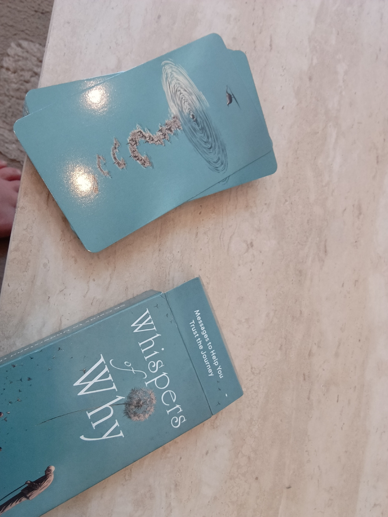 The image shows a deck of "Whispers of Why" cards and their box on a marble-patterned surface. The cards are turquoise with an image of concentric circles resembling water ripples. A small bird is als…read more
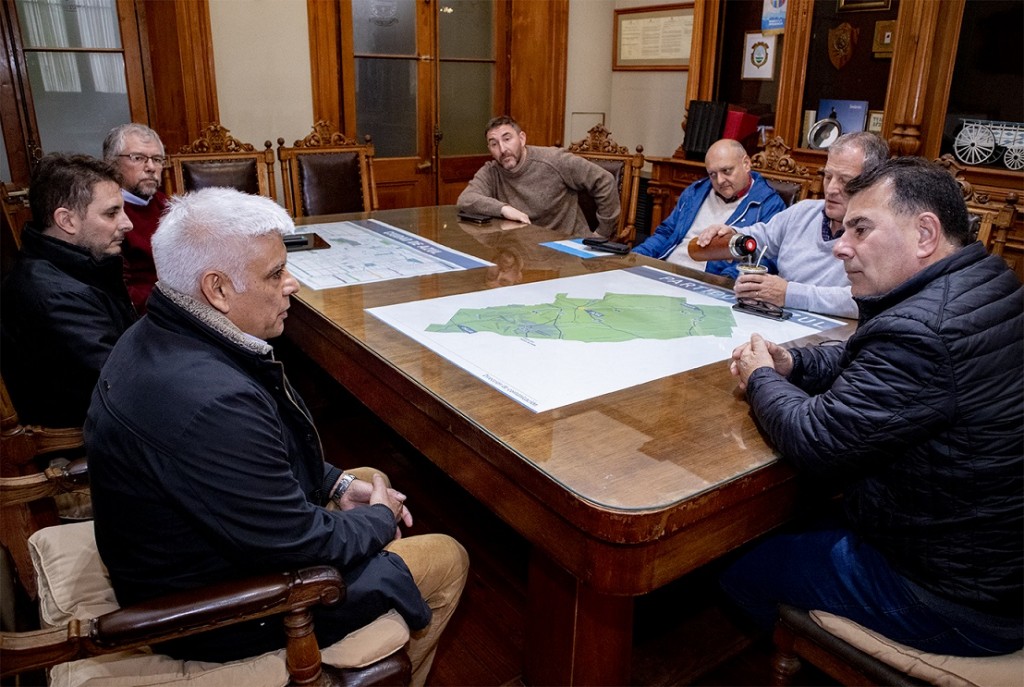 Se trató de una primera reunión de trabajo para avanzar en esta iniciativa. En este contexto, el mandatario municipal estuvo acompañado por el secretario y el subsecretario de Obras y Servicios Públicos -Guillermo Giordano y Marcos Turón, respectivamente- y el director de Regularización Dominial Ángel Olaechea.
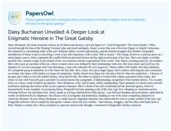 Daisy Buchanan Unveiled: A Deeper Look at Enigmatic Heroine in The Great Gatsby. (2023, Dec 15). Retrieved from https://hub.papersowl.com/examples/daisy-buchanan-unveiled-a-deeper-look-at-enigmatic-heroine-in-the-great-gatsby/
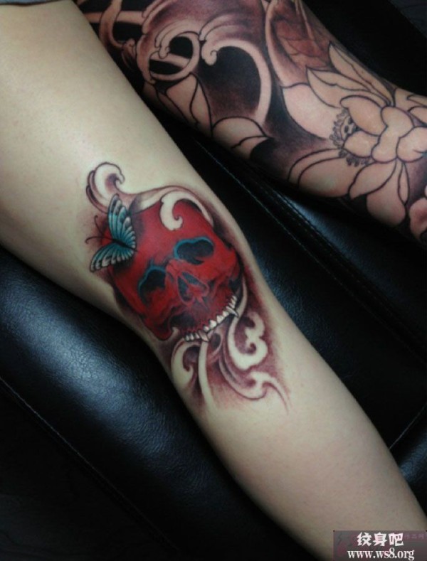 创意红色骷髅手臂纹身图案_骷髅纹身图案大全_纹身图吧
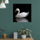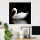 Cygne muet blanc flottant dans un lac avec réflexion dans l'eau contre arrière - plan noir. Clé basse.
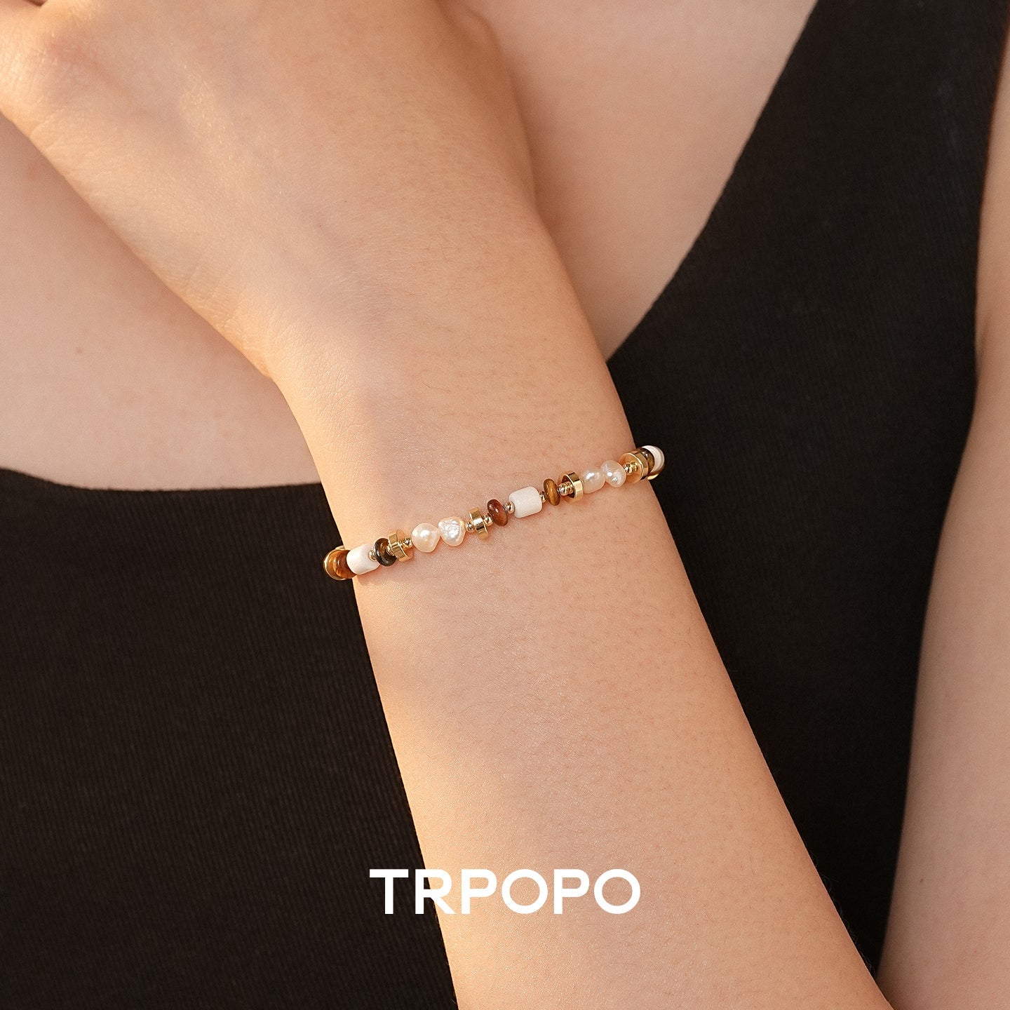 Irregular baroque pearls alternate with tiger's eye stones, accented by golden spacers – earthy wild tones wrapping your wrist, power meets softness.

□ □ □

Work instructions:
With the pictures stripped out, return each record word for word.

Answer box:
 The image shows a deck of "Whispers of Why" cards and their box on a marble-patterned surface. The cards are turquoise with an image of concentric circles resembling water ripples. A small bird is als…read more
 Se trató de una primera reunión de trabajo para avanzar en esta iniciativa. En este contexto, el mandatario municipal estuvo acompañado por el secretario y el subsecretario de Obras y Servicios Públicos -Guillermo Giordano y Marcos Turón, respectivamente- y el director de Regularización Dominial Ángel Olaechea.
 Daisy Buchanan Unveiled: A Deeper Look at Enigmatic Heroine in The Great Gatsby. (2023, Dec 15). Retrieved from https://hub.papersowl.com/examples/daisy-buchanan-unveiled-a-deeper-look-at-enigmatic-heroine-in-the-great-gatsby/
 创意红色骷髅手臂纹身图案_骷髅纹身图案大全_纹身图吧
 Cygne muet blanc flottant dans un lac avec réflexion dans l'eau contre arrière - plan noir. Clé basse.
 Irregular baroque pearls alternate with tiger's eye stones, accented by golden spacers – earthy wild tones wrapping your wrist, power meets softness.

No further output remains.